If they sell you one night they might not be able to sell the second night and so would be down that money.

Of course, if they don't sell that room for the weekend they are down the money they could have made from you.

z


----------



## quinno (11 May 2006)

I think it is a rip-off, although I notice some places have relaxed this policy. I always laugh when I hear hoteliers saying how tough the business is, profits etc - if they concentrated on serving the customer they might not have this problem.  It's ridiculous if you want to stay one night that you have to book 2 - only in Ireland!!


----------



## Rose32 (11 May 2006)

Just a suggestion.. Have you tried to book this hotel through an online company and not directly with the hotel??  Anytime I go away now (which is quite regularly for weekends) I book online and its anything upto half price and this stupid policy may not apply.. Worth checking out?!


----------



## ClubMan (11 May 2006)

It's not a rip-off if they explained their policy up front and you were able to make a decision on whether or not to purchase their services.


----------



## porterbray (12 May 2006)

Have to agree with ClubMan, if you're told in advance its not really a rip off. We're getting married on a Saturday later this year and it was one of the factors we took into account when booking the hotel. Several hotels offered us 10 or so rooms for the family at a reduced rate for the Sat only but anyone else had to book packages for 2 nights plus dinner. We told each hotel that this was a major reason for not booking them, and two said that they were starting to hear this complaint on a regular basis from potential clients and were considering changing their policy, so maybe complaining does work sometimes.


----------



## ubiquitous (12 May 2006)

quinno said:
			
		

> only in Ireland!!


Not true -  to take just one city, many hotels in Midtown New York operate this policy.


----------



## CN624 (12 May 2006)

Kilkenny seems to be a law unto itself though. 
Been loads of times and like the place but the charges (accomodation & taxis) are really expensive for a provincial town (city I know). 

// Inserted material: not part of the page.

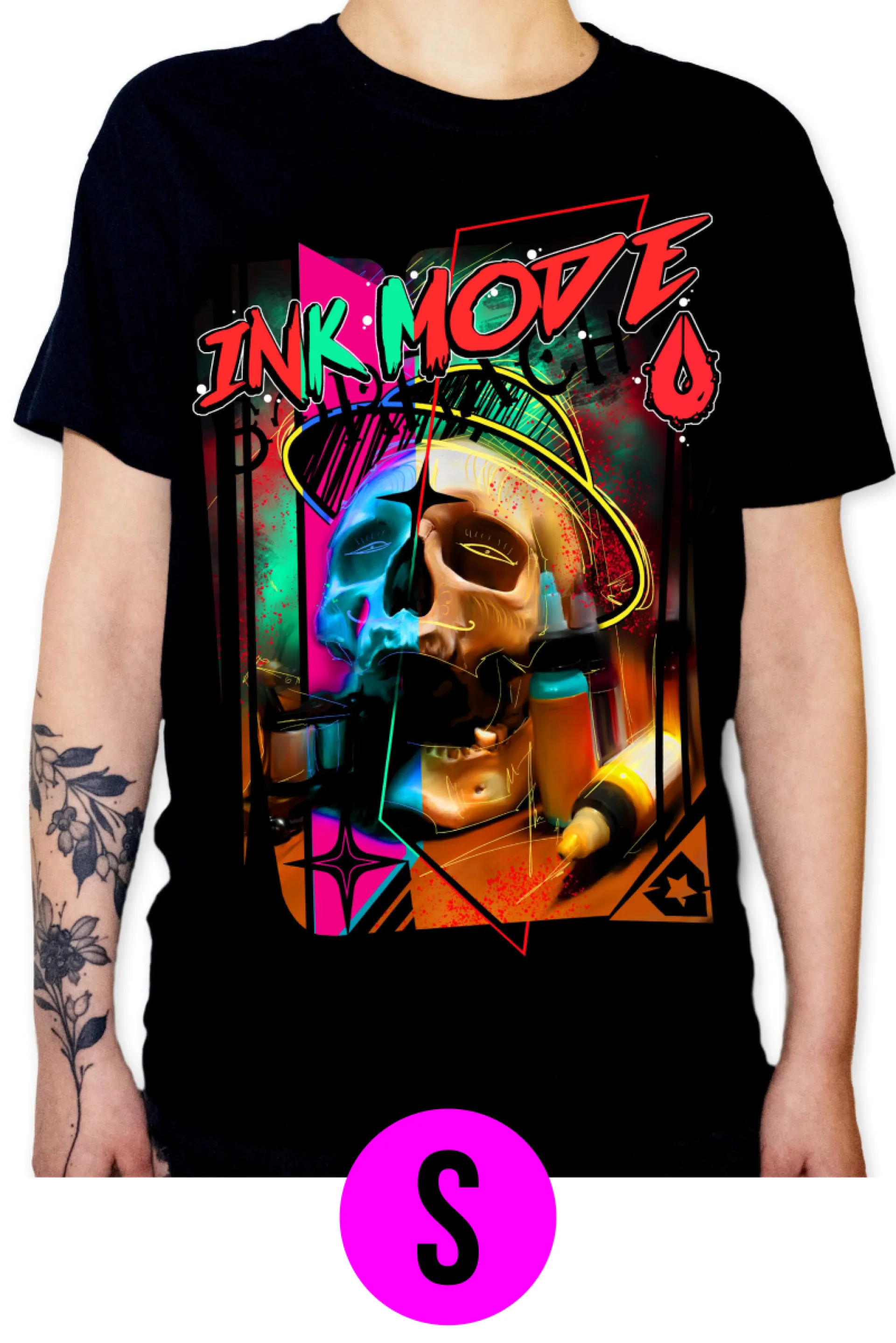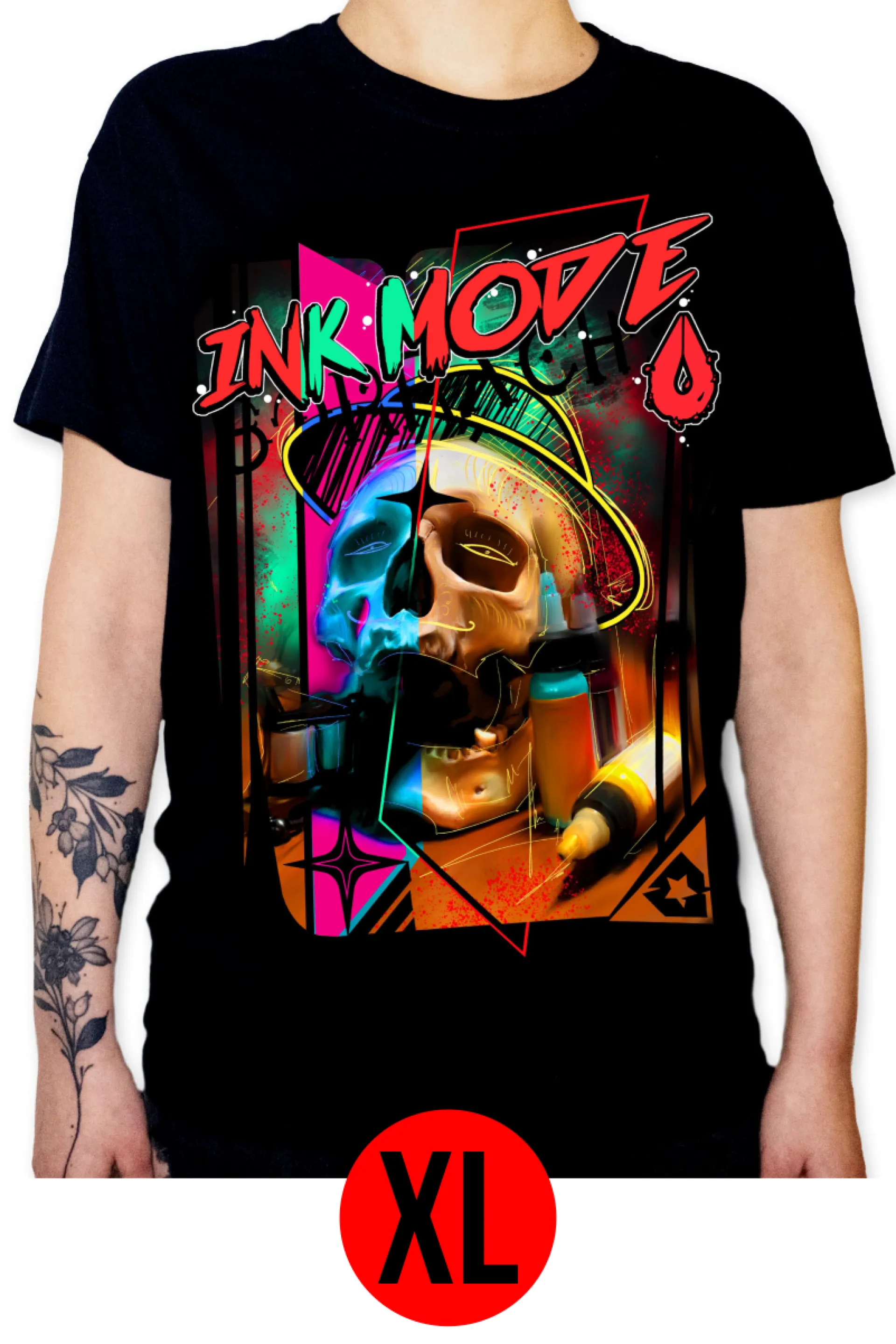 Превключете към РЕЖИМ МАСТИЛО. Нашата нова текстилна марка със собствен мотив за всички любители на татуировки. Както и при другите продукти на Pro Tattoo, можете да разчитате на най-високо качество и оригиналност с тези тениски. Ръчно рисуваният мотив е създаден от дългогодишния татуист и експерт в света на татуировките Игор от студиото за татуировки Energy Ink. Всеки мотив е редактиран до последния детайл и отпечатан с помощта на DTF технология с дълготрайни щампи, без да губи цвета си. Печатаме мотиви върху тениски SOL'S Imperial 190.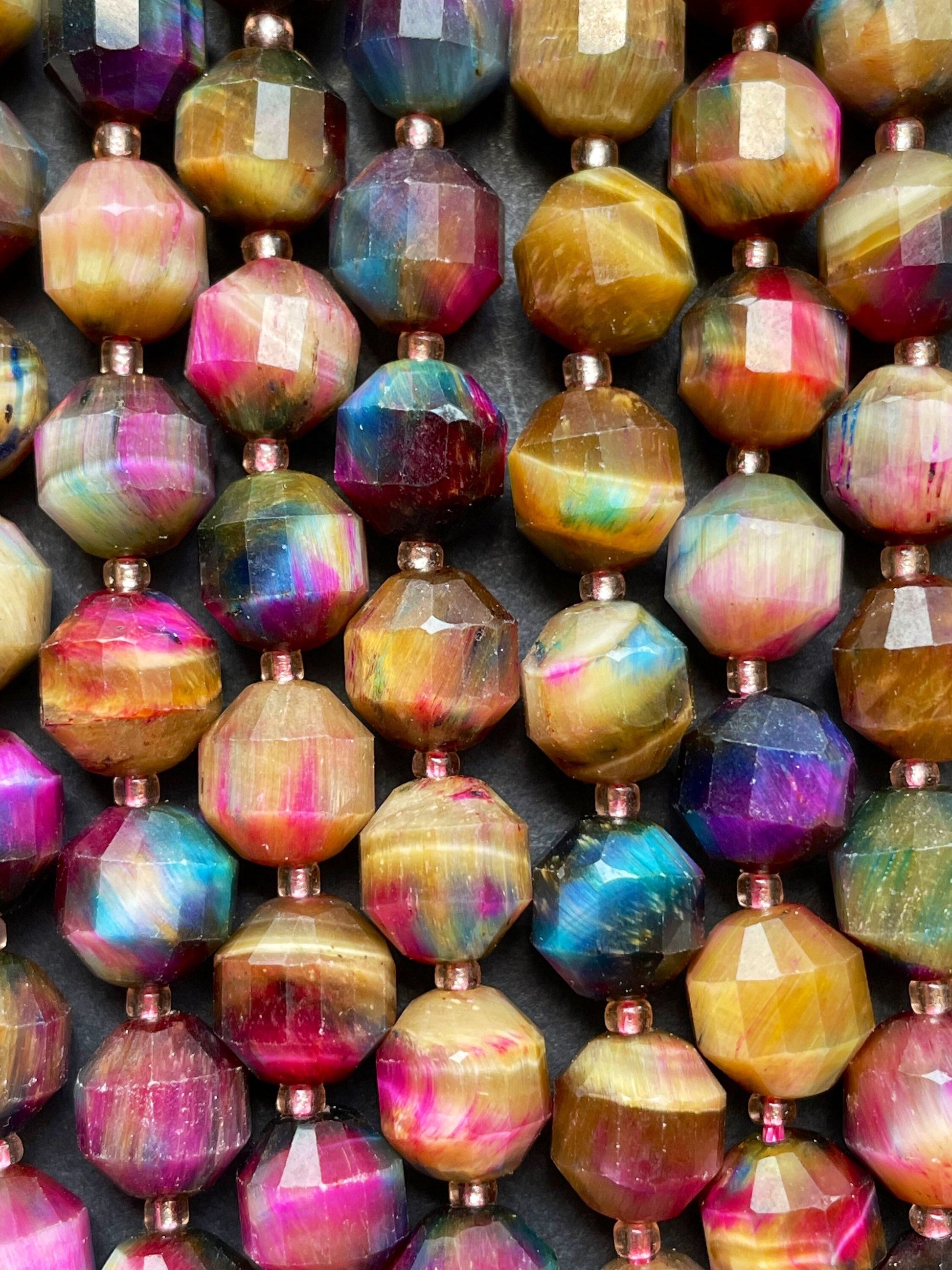 Natural Galaxy Tiger Eye Gemstone Bead Faceted 6mm 8mm Diamond Cut Shape Bead, Gorgeous Multicolor Tiger Eye Gemstone Beads

Haven't been back in over two years mainly due to the cost and the fact its becoming very crowded and tacky. 

Prefer to head to Donegal now for cheaper prices and nicer people!


----------



## CCOVICH (12 May 2006)

CN624 said:
			
		

> Prefer to head to Donegal now for cheaper prices and nicer people!


 
I dispute that.  I'm not nice.


----------



## ClubMan (12 May 2006)

I've heard you're cheap though!


----------



## Humpback (12 May 2006)

CN624 said:
			
		

> Kilkenny seems to be a law unto itself though.


 
Had that experience myself. B&B over a pub was booked by a bestman for a stag weekend. 4 of us on 4 beds in one room. Came to paying and the landlord asked for €60. Innocent me thought it was €60 for the 2 nights. But no, €60 per person, per night. €240 per night in a B&B to share with 3 others. 

Nice work if you can get it.


----------



## ClubMan (12 May 2006)

Did you ask in advance how much the _B&B _would cost each person? If not why not?


----------



## Humpback (12 May 2006)

ClubMan said:
			
		

> Did you ask in advance how much the _B&B _would cost each person? If not why not?


 
Ah Clubman, you must know me better than that. I didn't respond to the original ripoff comment because you'd taken my lines already. You didn't see me complaining above, just stating facts. Bestman booked the thing so I just went with the flow.


----------



## Art (15 May 2006)

Did anyone notice that this post sparked an article in yesterday's Sunday Times? Needless to say AAM was not specifically mentioned - it just referred to a complaint on an "internet forum"....


----------



## ClubMan (15 May 2006)

Is this the article? Are you sure that it's referring to _Askaboutmoney_?


> One bride-to-be, who complained about the policy on an internet forum, said she refused to book her wedding into one hotel after being told of the two-night rule.


----------



## TarfHead (15 May 2006)

CN624 said:
			
		

> Prefer to head to Donegal now for cheaper prices and nicer people!


 
It really annoys me when people recommend Donegal and praise it to the high heavens.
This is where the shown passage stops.